Francis Joseph Reitz (1841 – 1930) was an American banker, civic leader, and philanthropist in Evansville, Indiana. For more than 50 years, he was a leading figure in the Evansville’s business life, retiring in 1924 as president of National City Bank (known most recently as Integra Bank). Reitz was a director of the bank for more than 40 years and was its president for 31 years. After he retired, he devoted his time to disposing through philanthropy of the vast wealth he had accumulated.

In business circles, he was widely respected for his principled sense of business and high sense of public responsibility in the conduct of business. His obituary cited that Reitz was a gentleman of the “old school” and preferred to avoid public attention.

He attributed his longevity to seldom worrying and keeping regular habits.
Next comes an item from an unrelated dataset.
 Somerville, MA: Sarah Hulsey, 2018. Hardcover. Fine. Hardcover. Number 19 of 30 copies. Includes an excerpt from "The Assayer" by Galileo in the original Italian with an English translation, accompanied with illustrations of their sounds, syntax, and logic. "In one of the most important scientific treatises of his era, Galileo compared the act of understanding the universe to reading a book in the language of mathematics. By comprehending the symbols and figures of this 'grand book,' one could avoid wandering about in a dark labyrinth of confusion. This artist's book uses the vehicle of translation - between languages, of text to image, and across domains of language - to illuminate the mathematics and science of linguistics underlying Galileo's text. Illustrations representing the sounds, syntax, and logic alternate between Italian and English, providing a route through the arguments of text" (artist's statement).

Reitz claimed to have always slept nine hours each night and, after business hours, forgot business and refused to discuss it at his home.


Reitz gave millions of dollars to various charities, churches and educational organizations. According to his obituary, he regarded wealth, power and brains as stewardships, and he felt they should be used for the benefit of all mankind.

His gifts included ample contributions for helping start Reitz Memorial High School, a Catholic institution, and the West Side’s public school also bearing his name, FJ Reitz High School. At the dedication of the Catholic school — founded in 1922 on the city’s east side — Bishop Joseph Chartrand of Indianapolis arrived as the emissary of the pope to bestow on Reitz the title of Commander of the Order of Pius IX. Reitz was the first individual in Indiana and the third individual in the United States to receive the high honor.

Reitz also gave heavily to Evansville’s Little Sisters of the Poor on behalf of his father, John Augustus Reitz, and was a strong supporter of St. Vincent Orphanage in Vincennes. He didn’t confine his generosity to his own Catholic Church, however. He also contributed substantially to the building fund of Evansville College (now the University of Evansville), a Methodist institution. Reitz was a proponent in education for young men, and indicated he regretted not having had the opportunity to obtain more formal education himself.

Mr. Reitz’s home (built by his father John A. Reitz) at the corner of First and Chestnut Streets in Evansville is now the Reitz Home Museum, the state’s only Victorian house museum.